Not because the problem is easy, but because the demand is loud, the builders are many, and the ecosystem is aligning around what matters most: shipping systems that work in the real India.

Frequently Asked Questions

1. What was the biggest practical theme at India AI Impact Summit 2026?

The most commercial, “ready-to-deploy” theme was Indian languages + conversational AI, especially voice—voice agents, speech pipelines, and Indic speech models moving from demos into “how do we go live?” discussions. The event messaging itself leaned heavily toward India-first/Indic capability and real-world implementation across sectors.

2. How big was India AI Impact Summit / Expo 2026 in terms of visitors and startups?

It was positioned at mega scale. Multiple reports cited targets/estimates like ~2.5 lakh visitors and 600+ startups participating.  On the expo format itself, government releases described the exhibition footprint as 70,000+ sq. metres across 10 halls/arenas with hundreds of exhibitors and thematic pavilions. Separately, event coverage also referenced ~3 lakh registrations (a registration count, not the same as on-ground footfall).

3. What new technology launches stood out at the summit ?

One headline set of launches came from Gnani.ai, which announced new speech models under its Inya VoiceOS stack—Vachana STT and Vachana TTS—positioned as production-scale systems for Indic speech needs (STT + TTS, including voice synthesis/voice cloning claims depending on the specific coverage). Beyond specific launches, the broader pattern across booths was “speech everywhere”: multilingual STT/TTS, voice-to-voice experiences, and enterprise voice agents designed for sales, support, and operations.

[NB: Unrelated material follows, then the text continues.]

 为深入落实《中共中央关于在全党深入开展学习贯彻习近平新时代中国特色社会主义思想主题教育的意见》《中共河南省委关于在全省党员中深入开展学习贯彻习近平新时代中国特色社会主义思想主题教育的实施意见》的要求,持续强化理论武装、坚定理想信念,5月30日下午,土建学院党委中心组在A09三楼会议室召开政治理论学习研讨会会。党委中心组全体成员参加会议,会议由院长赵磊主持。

4. Why were telecom players like Airtel and Jio important in an AI summit?

Because AI—especially real-time voice AI—doesn’t live only in models. It lives in connectivity, routing, latency, and reliability. Airtel publicly discussed boosting network capacity around summit traffic (fiber paths, small cells, monitoring), which highlights that the “telco layer” is a real part of AI adoption at scale. For enterprises deploying voice agents, this matters directly: jitter/packet loss and inconsistent routing can degrade STT/TTS experiences and make “AI quality” feel worse than it is.

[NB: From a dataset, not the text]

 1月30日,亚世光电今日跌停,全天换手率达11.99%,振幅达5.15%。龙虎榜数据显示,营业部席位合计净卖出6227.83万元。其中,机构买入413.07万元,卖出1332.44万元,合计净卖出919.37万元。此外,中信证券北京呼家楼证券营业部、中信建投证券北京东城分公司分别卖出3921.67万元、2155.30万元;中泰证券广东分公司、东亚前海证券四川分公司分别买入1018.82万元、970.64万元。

5. How can attending (or following) this summit help CTOs, product managers, and founders?

It helps in three ways: 1. Signal on where budgets are moving: The density of enterprise use cases—voice agents, multilingual support, automation in healthcare/agri/education/public services—shows what’s moving from “innovation” to “procurement.” 2. Vendor and architecture clarity: You quickly see two dominant routes: • Full-stack builders (own speech + language models, tune for India), and • Orchestration-first platforms (plug best-in-class STT/LLM/TTS + control plane). This helps teams decide what to buy vs build based on time-to-live, control, and cost. 3. Practical production lessons: The summit exposes the real constraints teams hit in India—language variance, noisy mobile environments, compliance, cost-per-minute economics, and reliability. Those are the exact factors that determine whether your pilot becomes production.